May: and to begin, you’ll be happy to find below, as we begin this brief newsletter, again not my own digressions but  Christopher Buckley’s wonderful introduction of our “secret poem” —Phillip Levine’s “Belief.” Here let me tell you that this is a rather special issue of Plume. And not only for this introduction and poem, but for its Featured Selection.  As a final wave good-bye to Phillip Levine, our Feature this time comprises not poems (well, one, and a fine one from Jim Daniels) but “remembrances” on work, apropos that subject often turned to by Phil, earning him the somewhat dubious title the “Poet of Work.” A designation Chris takes dead aim at in his essay below.
What you will find when you read that Featured Selection is, honestly, a marvel. Its genesis is, as are most things related to Plume, a passing thought. Why not email some Plume contributors and ask them to send in their memories or general thoughts on their own experiences of work? Thinking I’d receive if we were lucky ten or so, and we could indeed run them as that Feature. I am glad — and humbled — to report that we received almost immediately more than that number, and they have kept coming day by day; the last arrived just a few minutes ago.
So: if you read nothing else in this issue (though why would you do that?), I urge you to take up the Featured Selection at once. For here you will find, among other things, Jane Hirschfield’s recollection of her days as a trucker (!); watch as Kathleen Flenniken“pores over aerial photos from the 20s, 30s, 40s, using stereoscopic glasses… Suddenly I was God looking down at the long-ago farmers with their dogs, workmen in the field, the woman feeding chickens, and the shadows they cast”; endure with David Huddle his first days in the army; discover with Tom Lux the rewards of being a night-watchman; learn from Amy Gerstler the duties of a residential aide for kids whose labels ranged from “pre-delinquent, to autistic, aphasic, and schizophrenic” — and many more.
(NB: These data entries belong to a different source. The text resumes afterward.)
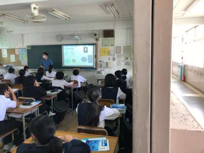 理科の授業の様子です。パワーポイントで資料を提示したり、Teamsに資料をアップロードしたりとICT機器を積極的に活用しています。
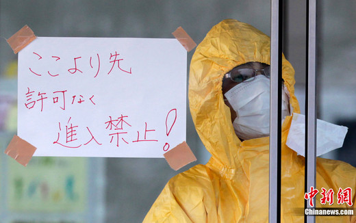日本首相菅直人周一(14日)表示,在大地震和海啸中受损的核电站仍然处于“警戒”状态。东京电力公司周一向政府报告说,福岛第一核电站辐射程度再次超过法定剂量。福岛县第一核电站在地震发生后已经关闭,但是因反应堆冷却系统发生故障导致辐射超标。图为在福岛县二本松,民众隔离接受辐射检测。
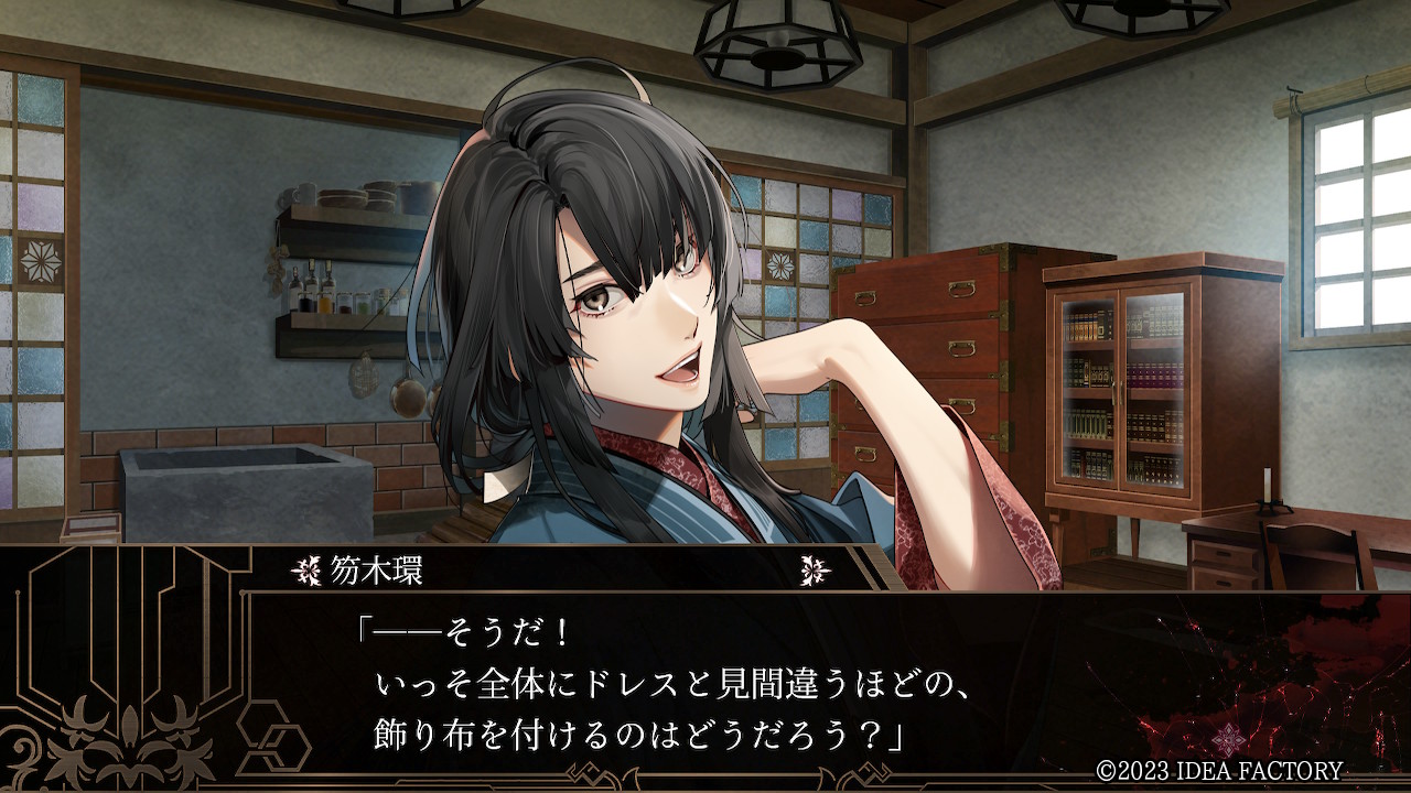 "ㅡ그래! 차라리 전체에 드레스와 착각할 정도의, 장식을 붙이는 건 어때? 완성 예상도는, 연인인 그녀를 '공주'로 불러, 감미롭게 유혹하는 사신을 상기시키는 복장ㅡ 좋아, 검은 레이스도 추가하자! 거기다 머리 장식이랑...... 아, 조홍도 필요하려나?"
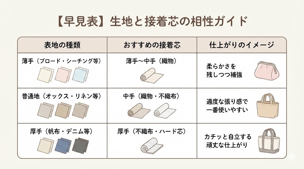 【早見表】生地と接着芯の相性ガイド
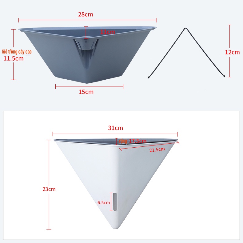 DOCNEEM XIN GIỚI THIỆU ĐẾN BẠN MÃ SẢN PHẨM - CHẬU TRỒNG CÂY TỰ TƯỚI TREO TƯỜNG TAM GIÁC THÔNG MINH MONROVIA K104 _ Chất liệu: PP cao cấp _ Cấu tạo: Chậu bao gồm
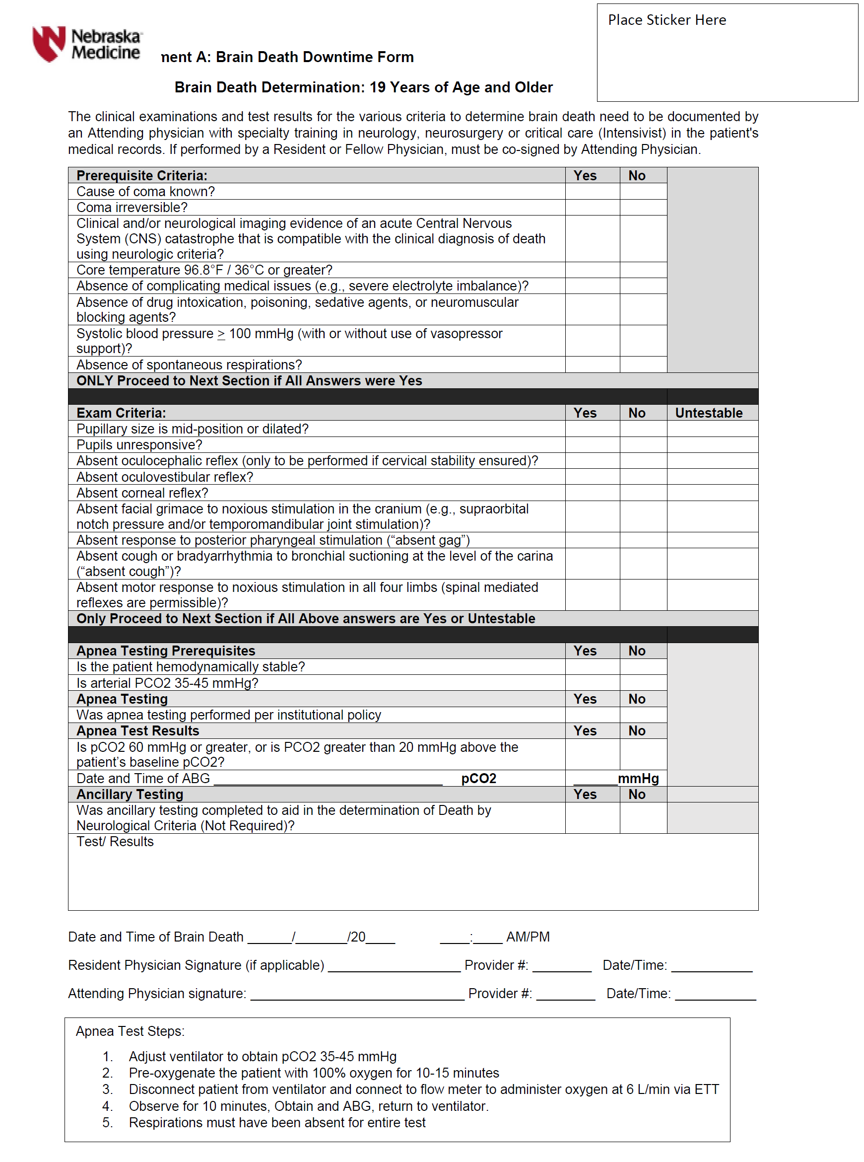Nebraska Medicine Brain Death Criteria

But, now, Christopher Buckley on Phillip Levine’s “Belief”:

On Philip Levine’s “Belief”
When Philip Levine was appointed Poet Laureate for 2011-12, almost every media release tagged him as “the poet of working class Detroit”–most all of the obituaries this past February read similarly.  True, a significant portion of Levine’s work extols the fortitude of the worker and praises the lives of common people, lifting them into their own dignified element.  These poems bear fierce witness to the inhumanity as well as to the beauty and fortitude of much of American life through hands-on examples in the factories and the cities, and Levine is rightly praised for giving a voice to the voiceless in these many memorable poems.  There is, however, much more to Levine’s range and vision.

The many poems of witness and elegy for the soldiers, poets, and people of the Spanish Civil war extend the scope of Philip Levine’s important themes and subjects and should not be overlooked. His attention is intense and exact, and hauntingly accounts for the individuals who gave their lives then to oppose Franco and fascism.

Additionally, Levine is a master of the long poem; they move narratively, elegiacally, imagistically, and especially symphonically. “Burned” unites the workers of the automobile industry in Detroit to a Dantean overlay and vision.  “Letters for the Dead,” “A Walk With Tom Jefferson,” “A Poem with No Ending,” “Silent in America,” “New Season,” and “Naming” are tour-de-force long poems, each with its distinct strategy and perception, and there are many more.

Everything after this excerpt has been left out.